Nokia's (NYSE:NOK) new smartphone design chief criticized Apple (NASDAQ:AAPL) and Motorola's (NYSE:MOT) approach to smartphones, and said he hopes Nokia will slim down the number of phone models it produces to focus on design and quality.
Peter Skillman, who was the chief designer of the Palm Pre, left Palm this summer after it was acquired by Hewlett-Packard for $1.2 billion. He is now the head of user experiences and services for MeeGo, Nokia's high-end device platform, which the company developed with Intel. Speaking to the Campbell, Calif.-based design firm Zurb, in what became a podcast, Skillman said that Apple's approach to the user experience is flawed because it forces users to hit the home screen before using a new application.

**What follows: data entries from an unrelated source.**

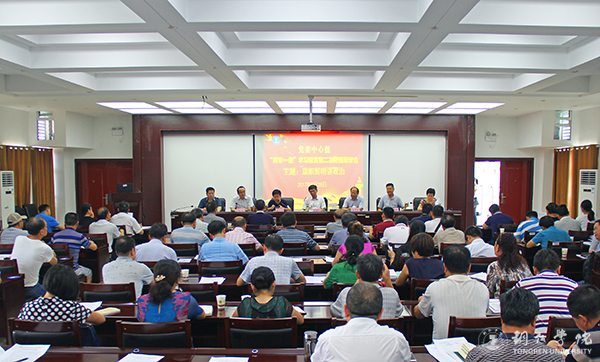 8月28日下午,beat365官网党委中心组在行政楼8501会议室召开“两学一做”学习教育第二次专题研讨会,研讨会主题为“旗帜鲜明讲政治”。党委书记李树新,党委副书记、校长侯长林,党委副书记饶小华,纪委书记彭吉黔,副校长代亮、罗红芳、王嘉福及全校副处级以上干部参加研讨会。会议由饶小华主持。
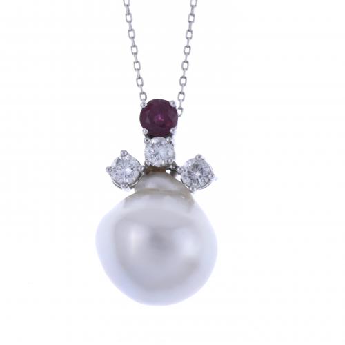119. PENDANT WITH BAROQUE PEARL, DIAMONDS AND RUBY.
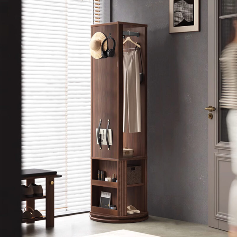 Rotating Coat Rack with Hooks, Shelves & Hanging Rod
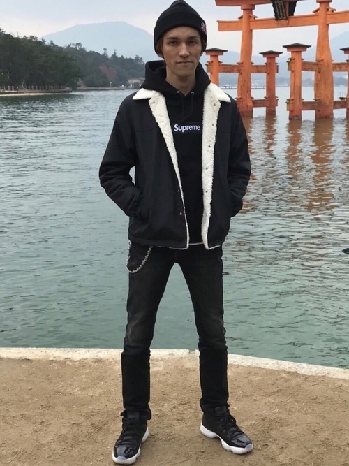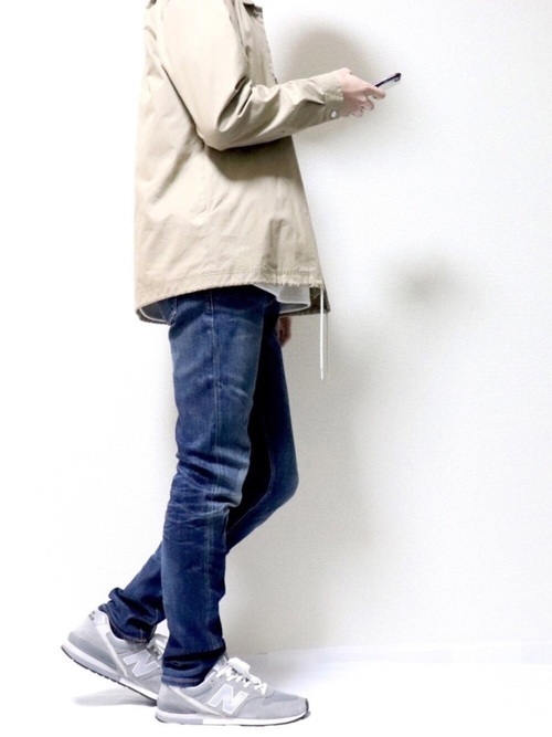 黒のシンフィンに、パーカーとナイロンジャケットを合わせて黒を基調としたコーデ。上にボリューム感があるアイテムを合わせることで、タイトなジーンズでもかっこいいメンズらしい着こなしになります。それぞれのアイテムの素材感を少しずつ変えて、コーデにメリハリをつけていることもポイントです。
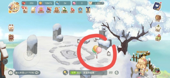 奥比岛明信片第四天奥比斯雪山那里,前往山顶,点击彩色气球。
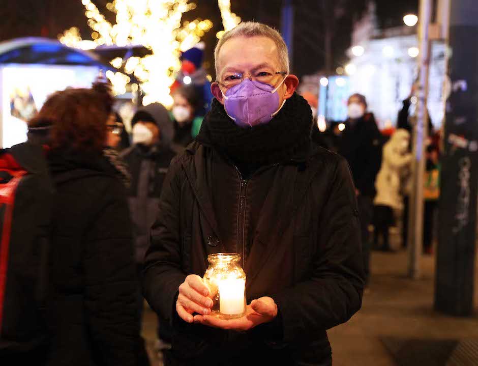 Sonntag, 18:45 Uhr: Die Menschen haben Kerzen, Lampen oder Lichterketten mitgebracht, viele schalten die Taschenlampe ihrer Handys ein. Freundesgruppen, Familien mit Kindern, aber ebenso zahlreiche ältere TeilnehmerInnen sorgen für eine lückenlose Menschenkette. So gut wie alle tragen Maske. Die Polizei hat den Ring für den Verkehr gesperrt, zögerlich betreten erst einige, dann immer mehr Menschen die Fahrbahn.
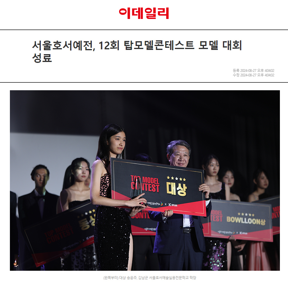 지난 8월 23일부터 24일까지 서울호서예술실용전문학교(이하 서울호서예전)에서 제12회 탑모델콘테스트 본선이 진행됐다.
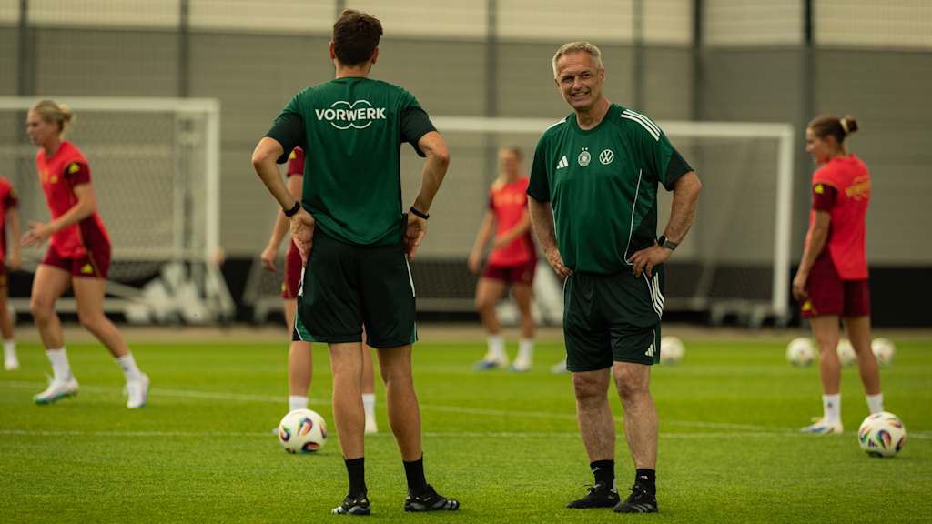 Die Vorbereitungen auf die UEFA Women's EURO 2025 in der Schweiz laufen auf Hochtouren: Die deutsche Frauen-Nationalmannschaft hat eine Woche vor dem EM-Auftaktspiel gegen Polen am Freitag, 4. Juli (ab 21 Uhr), ihr zweites Trainingslager im Homeground in Herzogenaurach begonnen. Auf DFB.de spricht Bundestrainer Christian Wück über den Stand der Vorbereitung, das Teamgefüge und wettkampspezifische Trainingsinhalte.

"If a user wants to walk from the kitchen to the dining room in her house, she simply walks through," Skillman said. "It does not work like that in mobile--you have to go through the front door to get to the kitchen. iPhone has a home button which works like a go-back-to-front-door button. This is not a model that human beings are used to. People are spatial."

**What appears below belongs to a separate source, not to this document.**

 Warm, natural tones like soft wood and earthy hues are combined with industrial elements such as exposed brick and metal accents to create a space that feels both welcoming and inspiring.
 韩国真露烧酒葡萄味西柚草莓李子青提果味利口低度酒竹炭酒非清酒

He also criticized companies that have put UI skins on top of Google's Android platform--which includes HTC and Sony Ericsson. Skillman said there is "too much junk" on top of platforms, singling out Motorola's MotoBLUR user interface.
Skillman said he is still proud of what the Pre represented, and praised the Synergy function of webOS. However, he also noted that the Pre and the Pixi had shortcomings, including "performance" issues with the devices' WebKit browser and their notification functions.
Now ensconced at Nokia, Skillman--who said he spent nine days interviewing for the job at the Finnish firm--said he hopes to re-instill some passion about executing at Nokia. He also said handset companies tend to over-segment the consumer market and produce too many models, which he called a "distraction," adding, "I hope that Nokia might focus on a smaller range of really great products."
If his challenge at Nokia--to get the company to better compete in the high end of the market--was not clear enough, Skillman made a definitive statement on the topic. "If you're not succeeding at the high end, then you're absolutely doomed to failure."